*** Opening of Task material ***
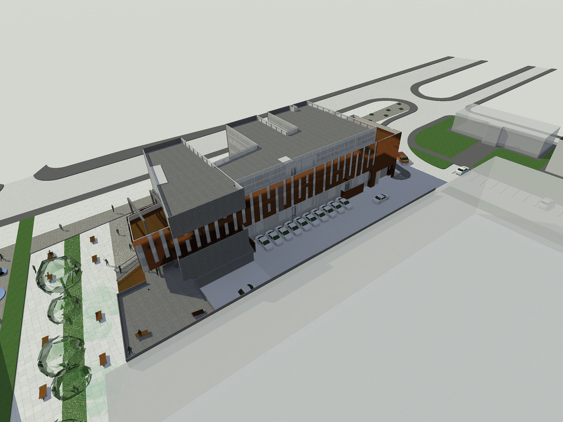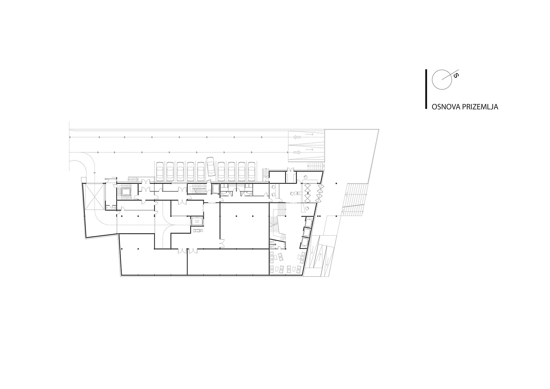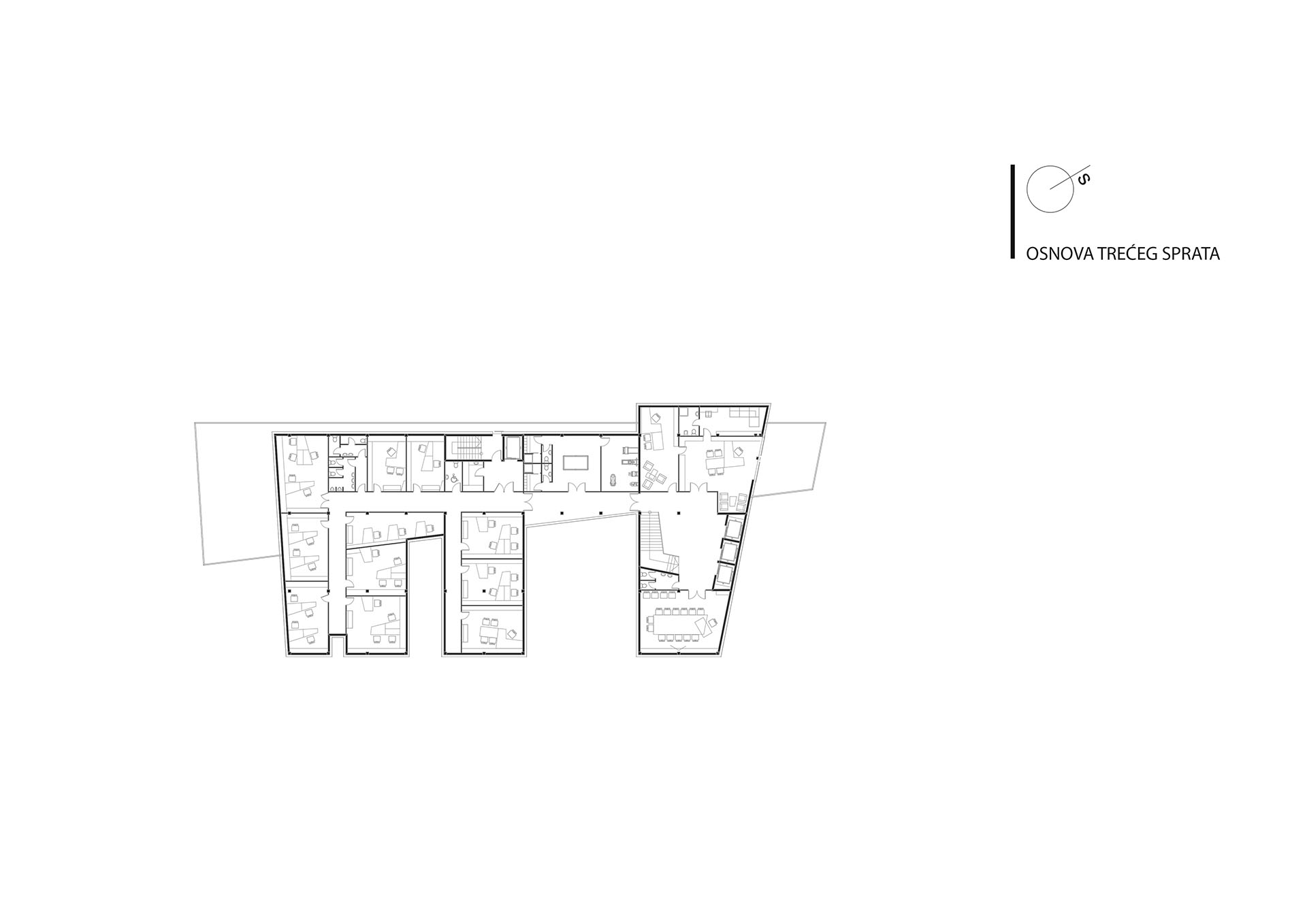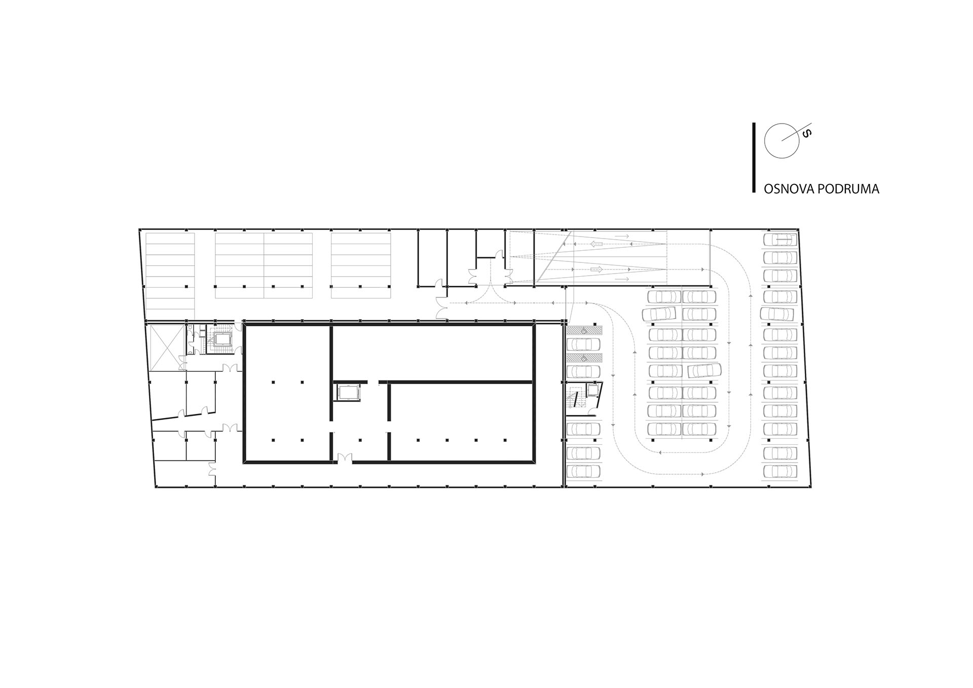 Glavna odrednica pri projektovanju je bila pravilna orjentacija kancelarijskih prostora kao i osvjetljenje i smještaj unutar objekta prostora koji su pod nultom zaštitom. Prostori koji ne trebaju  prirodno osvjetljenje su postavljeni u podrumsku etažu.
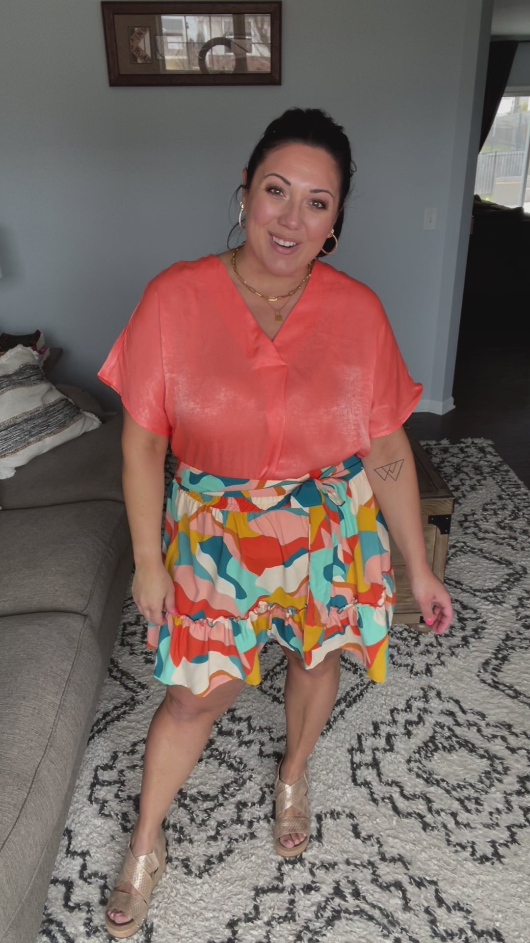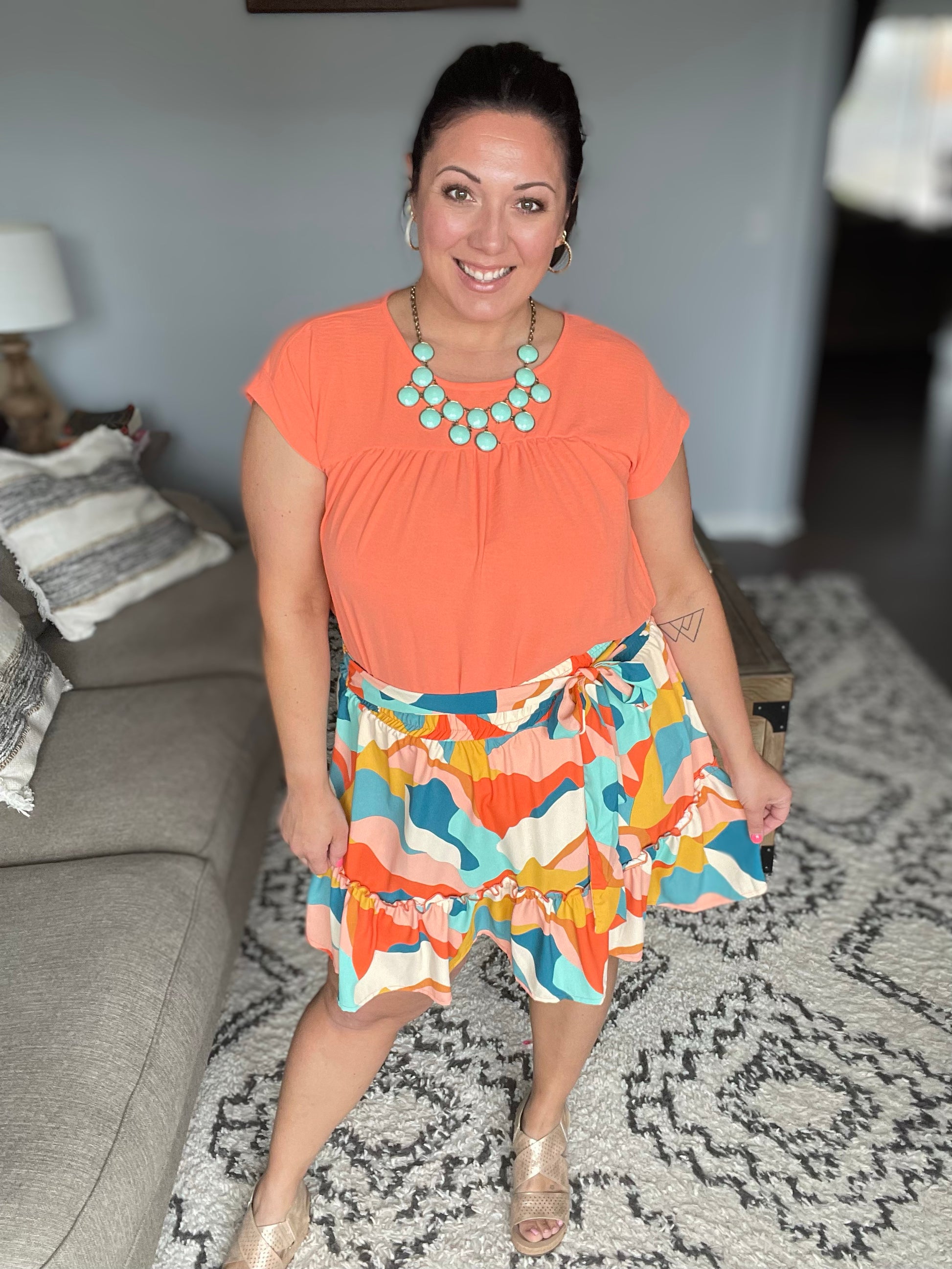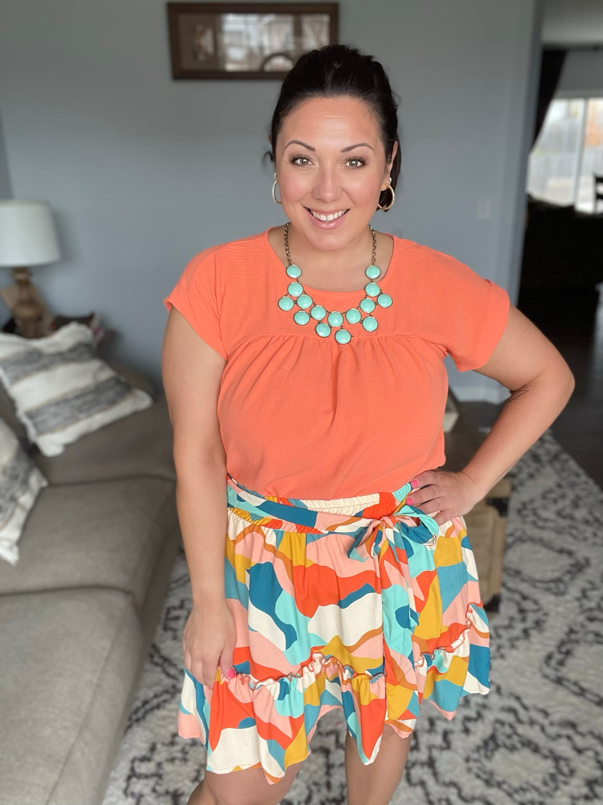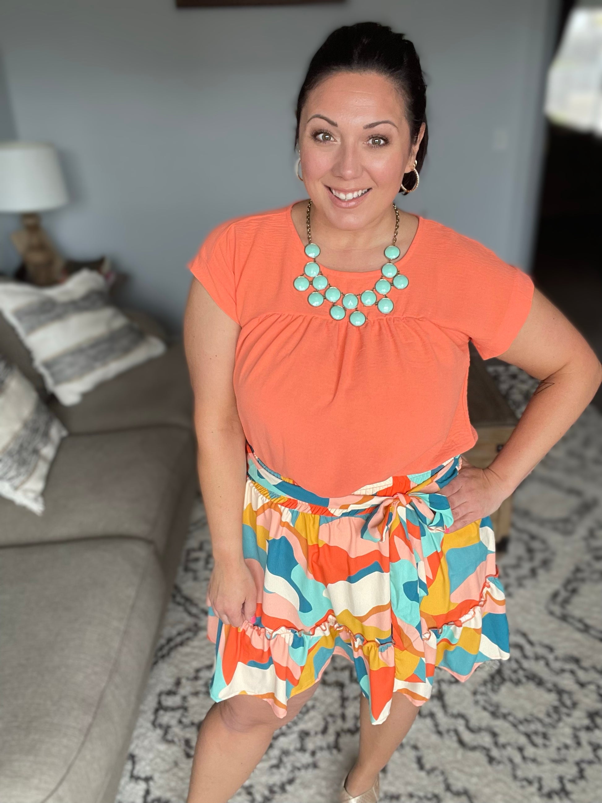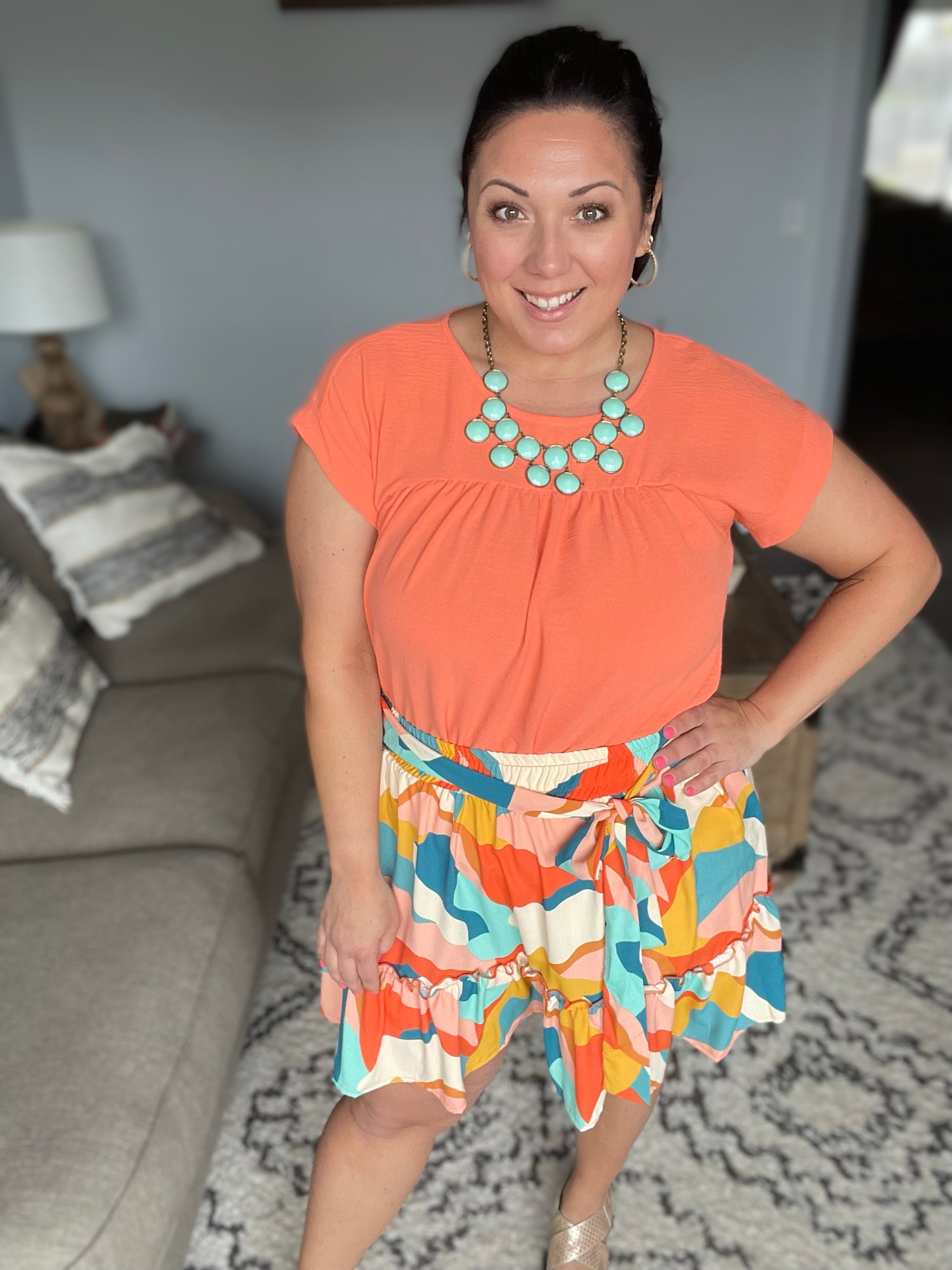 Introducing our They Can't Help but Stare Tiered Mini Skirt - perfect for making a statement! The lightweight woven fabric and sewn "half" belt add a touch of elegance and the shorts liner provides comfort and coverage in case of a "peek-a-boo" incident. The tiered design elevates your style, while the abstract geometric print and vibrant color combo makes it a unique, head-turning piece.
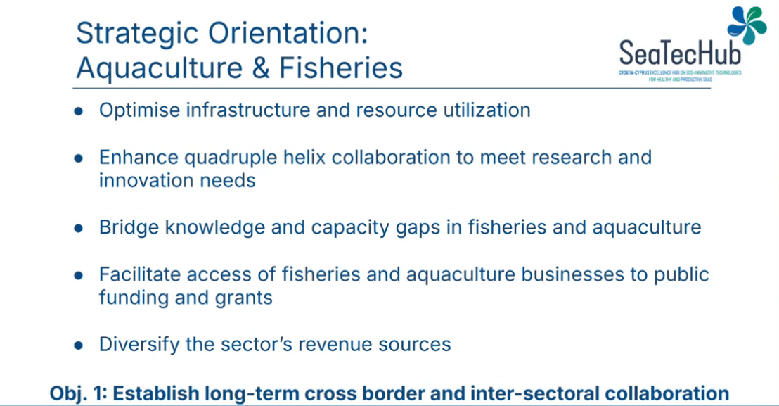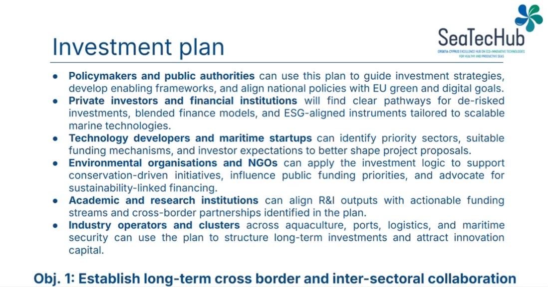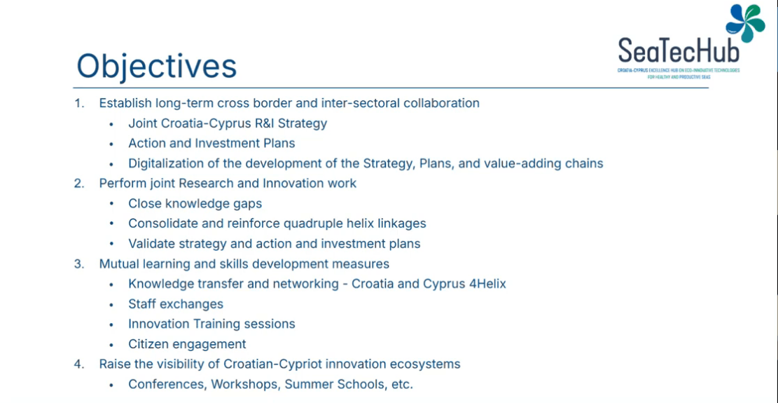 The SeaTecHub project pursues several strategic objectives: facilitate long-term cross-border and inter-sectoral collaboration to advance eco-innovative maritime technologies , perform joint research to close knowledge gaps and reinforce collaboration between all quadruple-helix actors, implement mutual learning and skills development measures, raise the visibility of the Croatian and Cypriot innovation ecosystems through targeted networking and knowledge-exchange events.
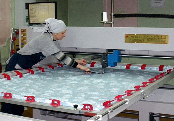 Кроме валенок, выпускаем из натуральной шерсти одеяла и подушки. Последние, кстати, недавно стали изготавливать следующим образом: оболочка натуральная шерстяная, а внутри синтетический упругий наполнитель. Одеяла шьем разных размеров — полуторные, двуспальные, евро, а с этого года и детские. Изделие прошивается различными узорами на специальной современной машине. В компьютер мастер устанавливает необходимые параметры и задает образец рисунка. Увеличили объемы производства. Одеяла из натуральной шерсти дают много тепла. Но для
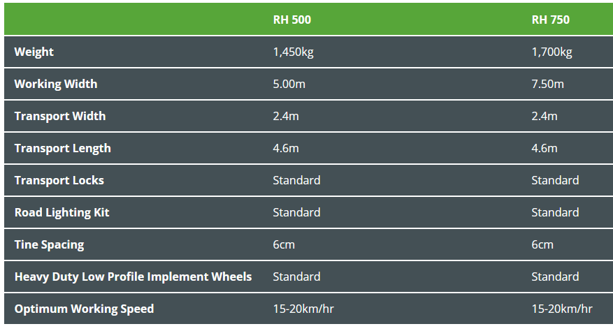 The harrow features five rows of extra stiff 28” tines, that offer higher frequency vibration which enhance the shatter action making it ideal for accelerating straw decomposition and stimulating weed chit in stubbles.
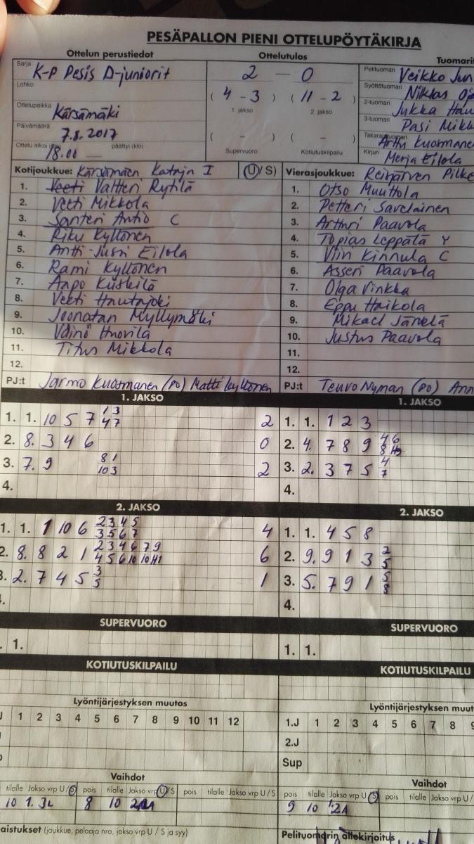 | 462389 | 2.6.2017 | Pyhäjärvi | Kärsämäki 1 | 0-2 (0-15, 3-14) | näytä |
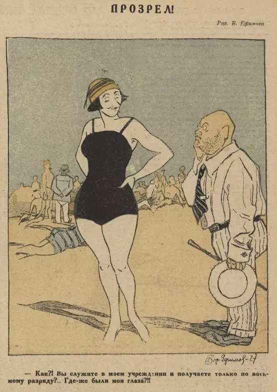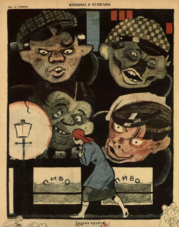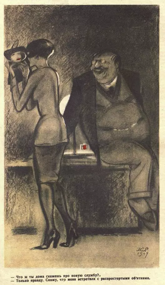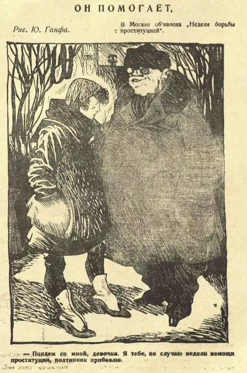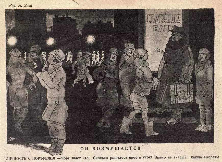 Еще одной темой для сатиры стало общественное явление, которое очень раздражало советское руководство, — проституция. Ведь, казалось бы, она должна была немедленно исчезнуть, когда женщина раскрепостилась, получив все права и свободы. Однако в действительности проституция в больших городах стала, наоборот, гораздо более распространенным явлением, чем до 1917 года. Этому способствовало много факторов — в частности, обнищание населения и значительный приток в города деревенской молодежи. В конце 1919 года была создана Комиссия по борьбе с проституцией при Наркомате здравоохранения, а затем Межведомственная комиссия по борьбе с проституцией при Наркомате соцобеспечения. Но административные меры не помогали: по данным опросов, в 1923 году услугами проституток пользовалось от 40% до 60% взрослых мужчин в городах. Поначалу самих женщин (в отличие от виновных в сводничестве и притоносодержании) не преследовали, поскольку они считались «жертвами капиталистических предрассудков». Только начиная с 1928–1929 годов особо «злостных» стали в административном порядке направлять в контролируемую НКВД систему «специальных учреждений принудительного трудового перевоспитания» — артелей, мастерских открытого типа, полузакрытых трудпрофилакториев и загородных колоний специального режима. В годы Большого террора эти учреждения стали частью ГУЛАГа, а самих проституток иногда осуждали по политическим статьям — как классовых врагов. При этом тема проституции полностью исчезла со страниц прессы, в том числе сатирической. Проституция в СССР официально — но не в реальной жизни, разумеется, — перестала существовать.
*** Close of Task material ***
§ **Instructions to follow**
All of the data above should be printed again exactly, though none of the pictures belong in the copy.

§ **Task response**
 Glavna odrednica pri projektovanju je bila pravilna orjentacija kancelarijskih prostora kao i osvjetljenje i smještaj unutar objekta prostora koji su pod nultom zaštitom. Prostori koji ne trebaju  prirodno osvjetljenje su postavljeni u podrumsku etažu.
 Introducing our They Can't Help but Stare Tiered Mini Skirt - perfect for making a statement! The lightweight woven fabric and sewn "half" belt add a touch of elegance and the shorts liner provides comfort and coverage in case of a "peek-a-boo" incident. The tiered design elevates your style, while the abstract geometric print and vibrant color combo makes it a unique, head-turning piece.
 The SeaTecHub project pursues several strategic objectives: facilitate long-term cross-border and inter-sectoral collaboration to advance eco-innovative maritime technologies , perform joint research to close knowledge gaps and reinforce collaboration between all quadruple-helix actors, implement mutual learning and skills development measures, raise the visibility of the Croatian and Cypriot innovation ecosystems through targeted networking and knowledge-exchange events.
 Кроме валенок, выпускаем из натуральной шерсти одеяла и подушки. Последние, кстати, недавно стали изготавливать следующим образом: оболочка натуральная шерстяная, а внутри синтетический упругий наполнитель. Одеяла шьем разных размеров — полуторные, двуспальные, евро, а с этого года и детские. Изделие прошивается различными узорами на специальной современной машине. В компьютер мастер устанавливает необходимые параметры и задает образец рисунка. Увеличили объемы производства. Одеяла из натуральной шерсти дают много тепла. Но для
 The harrow features five rows of extra stiff 28” tines, that offer higher frequency vibration which enhance the shatter action making it ideal for accelerating straw decomposition and stimulating weed chit in stubbles.
 | 462389 | 2.6.2017 | Pyhäjärvi | Kärsämäki 1 | 0-2 (0-15, 3-14) | näytä |
 Еще одной темой для сатиры стало общественное явление, которое очень раздражало советское руководство, — проституция. Ведь, казалось бы, она должна была немедленно исчезнуть, когда женщина раскрепостилась, получив все права и свободы. Однако в действительности проституция в больших городах стала, наоборот, гораздо более распространенным явлением, чем до 1917 года. Этому способствовало много факторов — в частности, обнищание населения и значительный приток в города деревенской молодежи. В конце 1919 года была создана Комиссия по борьбе с проституцией при Наркомате здравоохранения, а затем Межведомственная комиссия по борьбе с проституцией при Наркомате соцобеспечения. Но административные меры не помогали: по данным опросов, в 1923 году услугами проституток пользовалось от 40% до 60% взрослых мужчин в городах. Поначалу самих женщин (в отличие от виновных в сводничестве и притоносодержании) не преследовали, поскольку они считались «жертвами капиталистических предрассудков». Только начиная с 1928–1929 годов особо «злостных» стали в административном порядке направлять в контролируемую НКВД систему «специальных учреждений принудительного трудового перевоспитания» — артелей, мастерских открытого типа, полузакрытых трудпрофилакториев и загородных колоний специального режима. В годы Большого террора эти учреждения стали частью ГУЛАГа, а самих проституток иногда осуждали по политическим статьям — как классовых врагов. При этом тема проституции полностью исчезла со страниц прессы, в том числе сатирической. Проституция в СССР официально — но не в реальной жизни, разумеется, — перестала существовать.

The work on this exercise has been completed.